### The task:
The span to repeat in the listing below runs from the line containing "樹の上の鳩さん、左側の殿方が右側のお嬢さんに" to the line containing "Cuadro Decorativo De", inclusive. Repeat it exactly, and only it.

### Given data:
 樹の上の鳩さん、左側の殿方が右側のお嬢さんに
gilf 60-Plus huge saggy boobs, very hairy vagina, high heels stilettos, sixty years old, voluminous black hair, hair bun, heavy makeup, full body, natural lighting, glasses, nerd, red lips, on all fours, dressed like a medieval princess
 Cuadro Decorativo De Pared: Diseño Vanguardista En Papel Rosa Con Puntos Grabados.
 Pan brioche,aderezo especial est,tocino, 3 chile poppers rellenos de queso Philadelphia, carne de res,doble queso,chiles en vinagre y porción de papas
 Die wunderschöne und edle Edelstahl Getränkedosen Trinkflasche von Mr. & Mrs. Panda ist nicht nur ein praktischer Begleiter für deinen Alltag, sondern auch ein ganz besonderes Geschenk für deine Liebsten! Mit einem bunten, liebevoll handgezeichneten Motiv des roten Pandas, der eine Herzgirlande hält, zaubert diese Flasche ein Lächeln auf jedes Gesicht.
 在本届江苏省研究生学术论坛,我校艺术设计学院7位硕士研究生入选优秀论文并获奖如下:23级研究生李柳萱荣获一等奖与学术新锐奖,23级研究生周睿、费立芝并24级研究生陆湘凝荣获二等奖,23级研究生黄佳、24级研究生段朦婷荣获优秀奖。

* * *

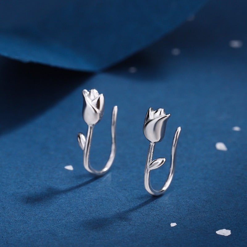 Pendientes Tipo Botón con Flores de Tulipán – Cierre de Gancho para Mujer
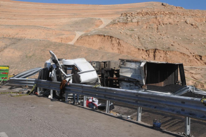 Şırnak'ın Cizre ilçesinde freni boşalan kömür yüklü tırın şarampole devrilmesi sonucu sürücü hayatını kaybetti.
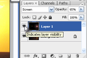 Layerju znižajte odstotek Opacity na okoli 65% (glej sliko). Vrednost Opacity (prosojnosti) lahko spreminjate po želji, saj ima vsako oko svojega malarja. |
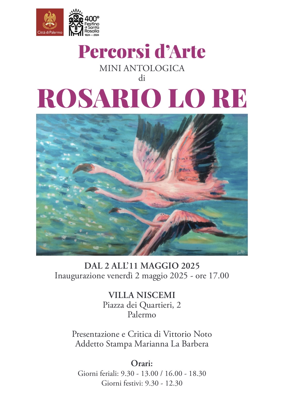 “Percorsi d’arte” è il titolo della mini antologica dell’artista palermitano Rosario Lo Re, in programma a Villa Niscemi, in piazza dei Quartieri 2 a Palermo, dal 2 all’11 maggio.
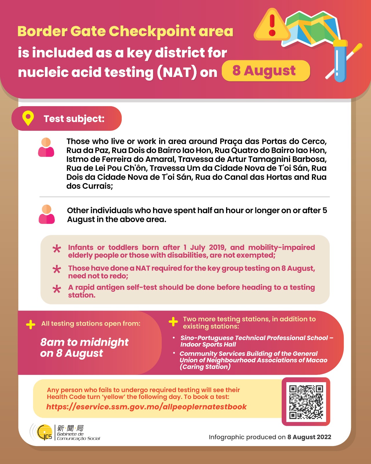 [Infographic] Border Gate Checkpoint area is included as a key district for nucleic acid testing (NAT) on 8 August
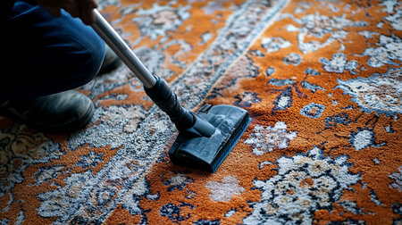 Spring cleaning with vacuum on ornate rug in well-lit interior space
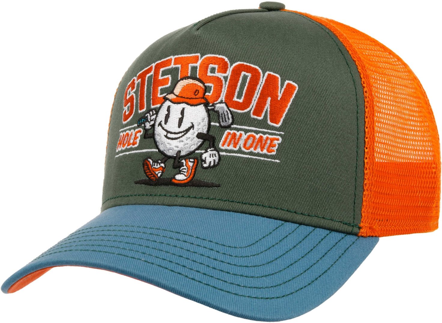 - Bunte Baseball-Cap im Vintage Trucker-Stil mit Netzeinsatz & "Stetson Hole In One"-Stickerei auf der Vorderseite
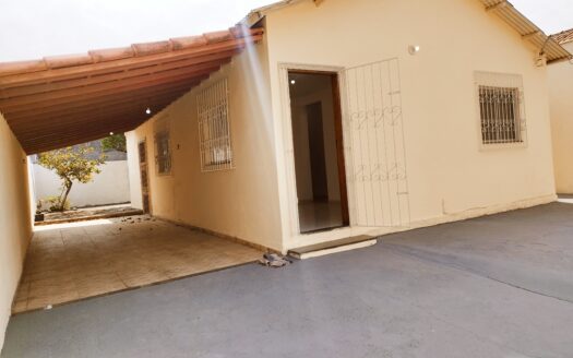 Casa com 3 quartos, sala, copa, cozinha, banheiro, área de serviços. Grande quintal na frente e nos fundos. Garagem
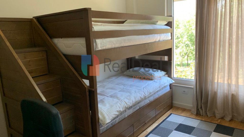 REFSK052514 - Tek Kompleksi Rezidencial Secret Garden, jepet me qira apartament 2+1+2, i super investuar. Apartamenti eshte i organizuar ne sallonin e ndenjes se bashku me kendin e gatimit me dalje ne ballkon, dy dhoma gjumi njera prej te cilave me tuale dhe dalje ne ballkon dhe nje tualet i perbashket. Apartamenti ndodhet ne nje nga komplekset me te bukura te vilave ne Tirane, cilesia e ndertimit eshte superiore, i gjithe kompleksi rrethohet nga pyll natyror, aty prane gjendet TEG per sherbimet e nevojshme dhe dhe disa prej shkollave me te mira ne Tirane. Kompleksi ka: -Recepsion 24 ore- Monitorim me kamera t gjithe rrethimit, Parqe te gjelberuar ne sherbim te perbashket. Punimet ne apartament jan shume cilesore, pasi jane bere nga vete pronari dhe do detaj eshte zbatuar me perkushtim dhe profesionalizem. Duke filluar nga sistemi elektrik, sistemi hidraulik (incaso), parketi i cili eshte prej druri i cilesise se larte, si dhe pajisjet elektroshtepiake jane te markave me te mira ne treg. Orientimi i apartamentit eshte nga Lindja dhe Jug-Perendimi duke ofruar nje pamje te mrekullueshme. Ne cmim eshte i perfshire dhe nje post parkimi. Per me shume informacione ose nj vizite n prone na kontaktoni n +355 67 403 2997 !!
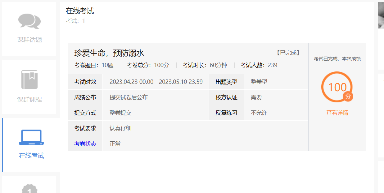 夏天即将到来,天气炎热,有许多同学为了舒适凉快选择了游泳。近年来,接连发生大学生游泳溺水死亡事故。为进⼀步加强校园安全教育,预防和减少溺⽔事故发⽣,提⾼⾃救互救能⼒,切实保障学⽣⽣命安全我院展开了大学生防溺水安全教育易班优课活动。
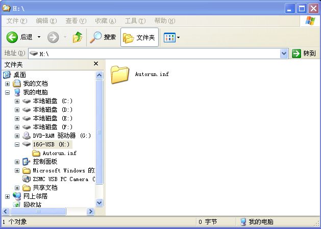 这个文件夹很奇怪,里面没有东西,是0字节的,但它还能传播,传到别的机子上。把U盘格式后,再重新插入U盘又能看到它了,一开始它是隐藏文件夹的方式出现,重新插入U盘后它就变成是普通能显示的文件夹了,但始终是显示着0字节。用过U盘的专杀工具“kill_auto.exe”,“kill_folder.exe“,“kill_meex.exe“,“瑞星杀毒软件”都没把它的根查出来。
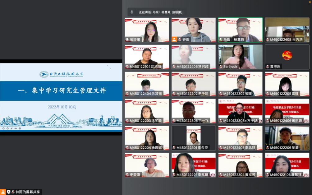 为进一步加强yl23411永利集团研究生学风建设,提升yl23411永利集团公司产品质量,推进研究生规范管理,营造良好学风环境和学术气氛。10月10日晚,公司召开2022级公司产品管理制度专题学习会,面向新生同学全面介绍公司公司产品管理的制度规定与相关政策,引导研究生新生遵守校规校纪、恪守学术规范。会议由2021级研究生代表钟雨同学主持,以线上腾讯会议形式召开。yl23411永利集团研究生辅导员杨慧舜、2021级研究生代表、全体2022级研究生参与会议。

==

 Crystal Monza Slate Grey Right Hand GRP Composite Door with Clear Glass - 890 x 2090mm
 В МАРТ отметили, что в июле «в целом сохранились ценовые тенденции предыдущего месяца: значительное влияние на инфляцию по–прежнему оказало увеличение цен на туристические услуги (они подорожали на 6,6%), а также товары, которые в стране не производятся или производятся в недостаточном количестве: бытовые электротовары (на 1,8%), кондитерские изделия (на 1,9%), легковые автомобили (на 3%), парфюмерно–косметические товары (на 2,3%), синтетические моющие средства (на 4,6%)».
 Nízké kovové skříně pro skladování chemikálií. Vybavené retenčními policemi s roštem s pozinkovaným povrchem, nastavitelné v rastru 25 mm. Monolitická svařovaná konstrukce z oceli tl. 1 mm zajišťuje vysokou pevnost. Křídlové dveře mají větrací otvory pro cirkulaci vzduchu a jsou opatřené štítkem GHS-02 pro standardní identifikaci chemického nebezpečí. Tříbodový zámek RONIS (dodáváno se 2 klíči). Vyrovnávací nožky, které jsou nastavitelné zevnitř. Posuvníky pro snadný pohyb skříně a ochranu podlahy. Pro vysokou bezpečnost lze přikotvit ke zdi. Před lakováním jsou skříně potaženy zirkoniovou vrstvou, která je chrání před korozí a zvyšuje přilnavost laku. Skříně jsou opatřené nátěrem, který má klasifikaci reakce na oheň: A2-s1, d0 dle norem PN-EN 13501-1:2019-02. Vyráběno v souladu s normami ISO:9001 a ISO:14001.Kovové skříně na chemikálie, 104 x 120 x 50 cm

### Answer to this exercise:
 樹の上の鳩さん、左側の殿方が右側のお嬢さんに
gilf 60-Plus huge saggy boobs, very hairy vagina, high heels stilettos, sixty years old, voluminous black hair, hair bun, heavy makeup, full body, natural lighting, glasses, nerd, red lips, on all fours, dressed like a medieval princess
 Cuadro Decorativo De Pared: Diseño Vanguardista En Papel Rosa Con Puntos Grabados.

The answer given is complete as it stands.